WORK ORDER: Give the listing again in full and exactly, apart from its pictures.

•••

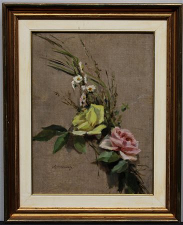 Ludovico Tommasi (Livorno 1866 - Firenze 1941)"Composizione con rose" olio su...
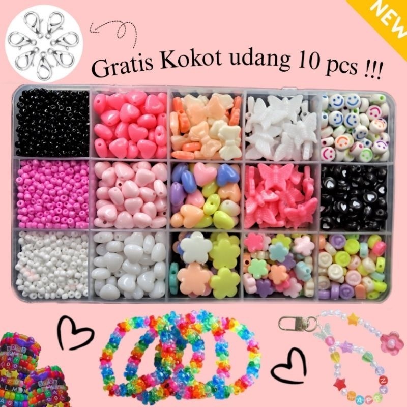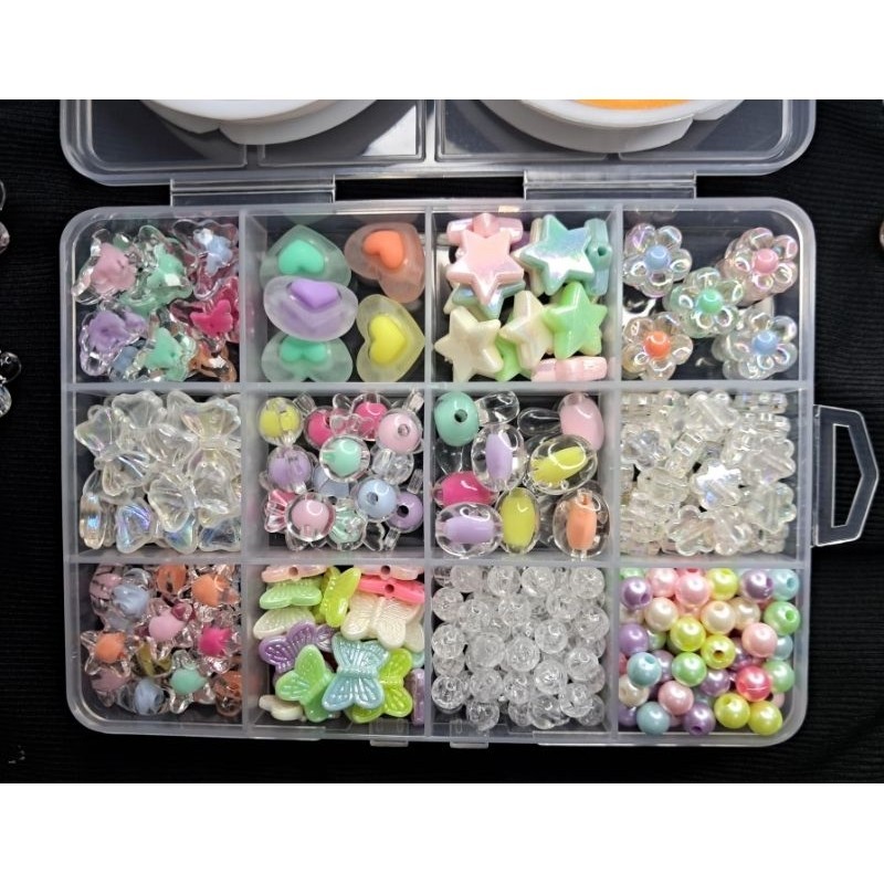 JM manik manik 1 set kotak/ manik 1 set 12 skat/ manik 1 set 10 sekat/ manik manik serok 1 set kotak/DIY manik 1 set aes
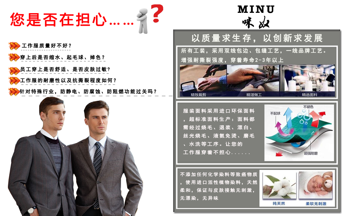 一家集設計,制版,生產(chǎn),銷售為一體服裝企業(yè)。公司制服部專業(yè)為企業(yè)團體“量身訂做”各種制服、工作服、廠服等。公司建立了完善的專業(yè)化、一體化的企業(yè)服務體系。本著“以質(zhì)量求生存,以創(chuàng)新求發(fā)展”管理理念,重視觀念更新,全面引進最新電腦設備及先進縫紉技術,加強高工藝培訓,由技術精湛、經(jīng)驗豐富的設計師及工藝師們組成的設計部,可根據(jù)客戶的企業(yè)文化氛圍、經(jīng)營風格和理念等特殊需求進行全新的富有獨特創(chuàng)意的設計和制作。
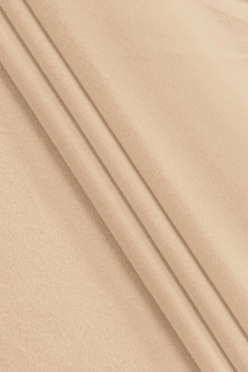 Naturaalsest villast kootud Itaalia mantelkangas, millele on lisatud helebeeži kašmiiri. Kangas on keskmise paksusega, pehmelt lamav ja paindumatu. See sobib ideaalselt ülerõivaste (mantel, jope, vest) jaoks, kuna soojendab ja laseb samal ajal nahal hingata. Kašmiiri segu lisab selle õilsust ja õrna sära. Ilus ja klassikaline pakkumine inimestele, kellele meeldivad ajatud kangad.
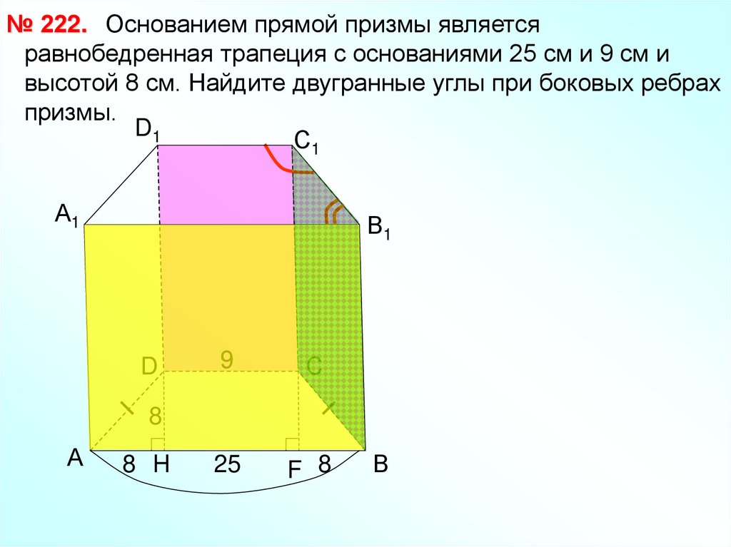 № 222. Основанием прямой призмы являетсяравнобедренная трапеция с основаниями 25 см и 9 см и
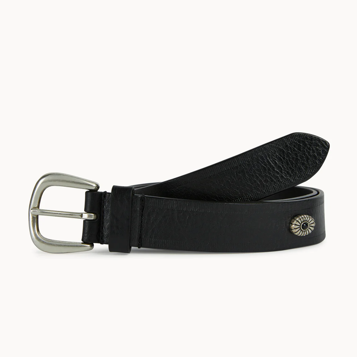 La classica cintura da jeans, di pelle liscia, con le borchiette a decoro e la fibbia semplice. La puoi indossare senza impegno, tutte le volte che vuoi. Fatta a Montegranaro (FM).
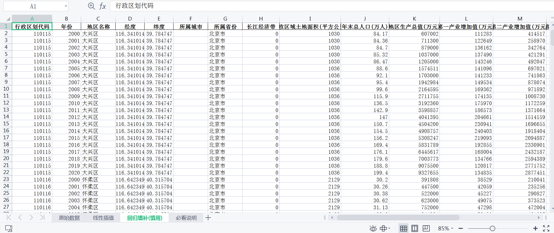 数据指标:行政区划代码、年份、地区名称、经度、纬度、所属城市、所属省份、长江经济带、行政区域土地面积(平方公里)、年末总人口(万人)、地区生产总值(万元)、第一产业增加值(万元)、第二产业增加值(万元)、第三产业增加值(万元)、人均地区生产总值(元/人)、城镇单位在岗职工平均工资(元)、城镇居民人均可支配收入(元)、农村居民人均可支配收入(元)

•••

RESULT:
 Ludovico Tommasi (Livorno 1866 - Firenze 1941)"Composizione con rose" olio su...
 JM manik manik 1 set kotak/ manik 1 set 12 skat/ manik 1 set 10 sekat/ manik manik serok 1 set kotak/DIY manik 1 set aes
 一家集設計,制版,生產(chǎn),銷售為一體服裝企業(yè)。公司制服部專業(yè)為企業(yè)團體“量身訂做”各種制服、工作服、廠服等。公司建立了完善的專業(yè)化、一體化的企業(yè)服務體系。本著“以質(zhì)量求生存,以創(chuàng)新求發(fā)展”管理理念,重視觀念更新,全面引進最新電腦設備及先進縫紉技術,加強高工藝培訓,由技術精湛、經(jīng)驗豐富的設計師及工藝師們組成的設計部,可根據(jù)客戶的企業(yè)文化氛圍、經(jīng)營風格和理念等特殊需求進行全新的富有獨特創(chuàng)意的設計和制作。
 Naturaalsest villast kootud Itaalia mantelkangas, millele on lisatud helebeeži kašmiiri. Kangas on keskmise paksusega, pehmelt lamav ja paindumatu. See sobib ideaalselt ülerõivaste (mantel, jope, vest) jaoks, kuna soojendab ja laseb samal ajal nahal hingata. Kašmiiri segu lisab selle õilsust ja õrna sära. Ilus ja klassikaline pakkumine inimestele, kellele meeldivad ajatud kangad.
 № 222. Основанием прямой призмы являетсяравнобедренная трапеция с основаниями 25 см и 9 см и
 La classica cintura da jeans, di pelle liscia, con le borchiette a decoro e la fibbia semplice. La puoi indossare senza impegno, tutte le volte che vuoi. Fatta a Montegranaro (FM).
 数据指标:行政区划代码、年份、地区名称、经度、纬度、所属城市、所属省份、长江经济带、行政区域土地面积(平方公里)、年末总人口(万人)、地区生产总值(万元)、第一产业增加值(万元)、第二产业增加值(万元)、第三产业增加值(万元)、人均地区生产总值(元/人)、城镇单位在岗职工平均工资(元)、城镇居民人均可支配收入(元)、农村居民人均可支配收入(元)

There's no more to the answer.